Dec 15 2017   10:05AM GMT

What Does Good Product Management Look Like?

Justin Rohrman Justin Rohrman Profile: Justin Rohrman

Product management

My favorite product manager I have ever worked with treated the development group with a sort of benign neglect. He spent most of his time outside of the office talking with customers. Randomly, he came back to home base with a blast of feature ideas. Some were well thought out and describe, others were a sentence or two. These ideas got passed on to a developer to turn into software. Somehow, he was usually happy with the results whether we knew what he wanted or had to make guesses. After that, he was off for another round of customer visits and generally inaccessible during that time.

He was my favorite product manager to work with, but probably not the best. So, what makes a good product manager?

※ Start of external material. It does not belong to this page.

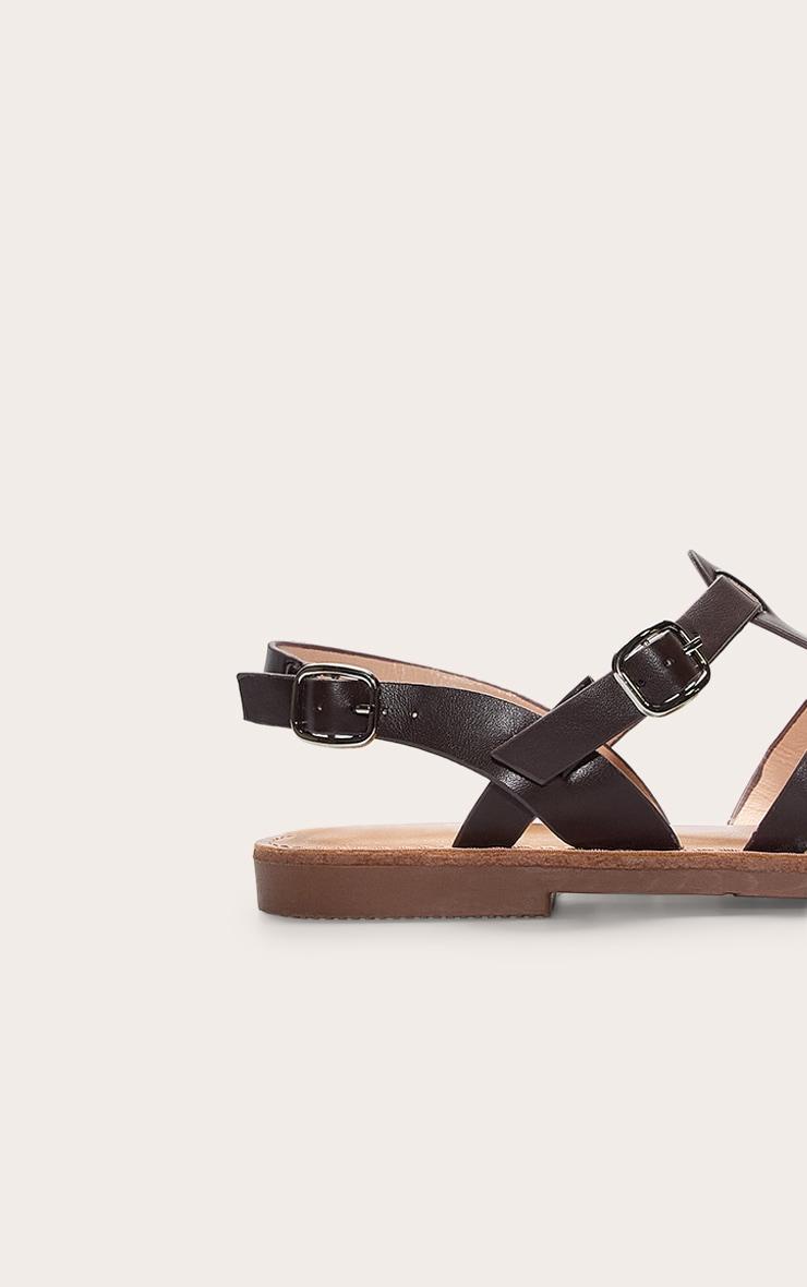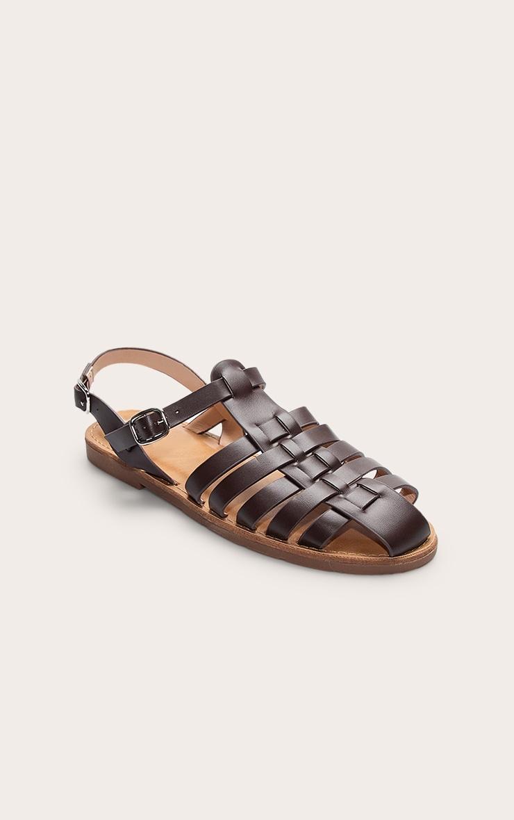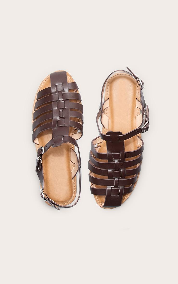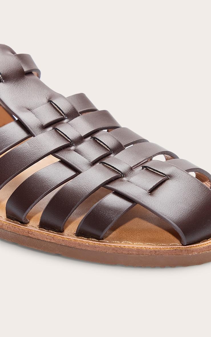 Take your off-duty look to the next level with these coffee faux leather gladiator cage sandals. Featuring a faux leather material and with strappy cage design for all-day comfort with serious style. Pair with denim shorts and a crop top for an everyday outfit.p]:!mb-4inch>Brand: PrettyLittleThingCategory: FootwearProduct type: SandalsColor: CoffeeMaterial: Faux LeatherOccasion: Day

One of the better measures I can think of is WTFs per second after the sprint review (or whatever your company calls it) meeting.

Most sprints, in my experience, start with some sort of review. The product manager presents a list of stories or specifications that the development group is supposed to burn through and release at the end of the next two weeks. The product manager presents the features one by one, and the development group asks questions. At one company I worked with, this was a tedious process. We were working with a complicated business domain, and boiling features down to the user story template format usually led to a lot of information loss. Those meetings took a full day per team, minimum, and even after that a lot of questions came up about feature specifics. Starting the sprint was hard, but once we were moving and writing new software, with a few exceptions, things were smooth.

product management

Another company I worked with used detailed specifications to the point where the product manager would make recommendations about which classes in our SDK to use. The sprint review meetings were straight forward. Our product manager walked through the specification line by line explaining what he wanted done. Everything was fairly explicit, so there weren’t many questions to ask unless there is an obvious problem. But, it is hard sometimes to detect software problems in a paper specification. Especially when that specification is backed by supreme confidence. The sprints would start, developers made some new software and eventually sent that to the test group. Everything looks OK so far. I remember one time getting a new report feature where data in what I thought was a reasonable range flowed off of the chart onto other parts of the page. The developer pointed to the specification and told me the feature worked as designed. I told him the specification was obviously stupid.  We talked and disagreed about what to do and eventually got some intervention from a manager. The code was updated to scale a larger range of data so that it all fit on the chart and didn’t overlap other parts of the user interface.

WTFs per second is a sign of annoyance, but what it really translates to is lost time. Questions are part of software development, and usually the more we ask the better the product ends up being when it is delivered. Part of the skill of a product manager is designing their explanations of a feature so that questions asked by developers are asked earlier and have useful answers. Availability matters, too. My favorite product manager from the intro here was rarely available outside of the sprint review meetings. This made any question the development team had dangerous. We had to make assumptions and there was little chance for course correction if our assumptions were wrong.

What is your measure of a good product manager?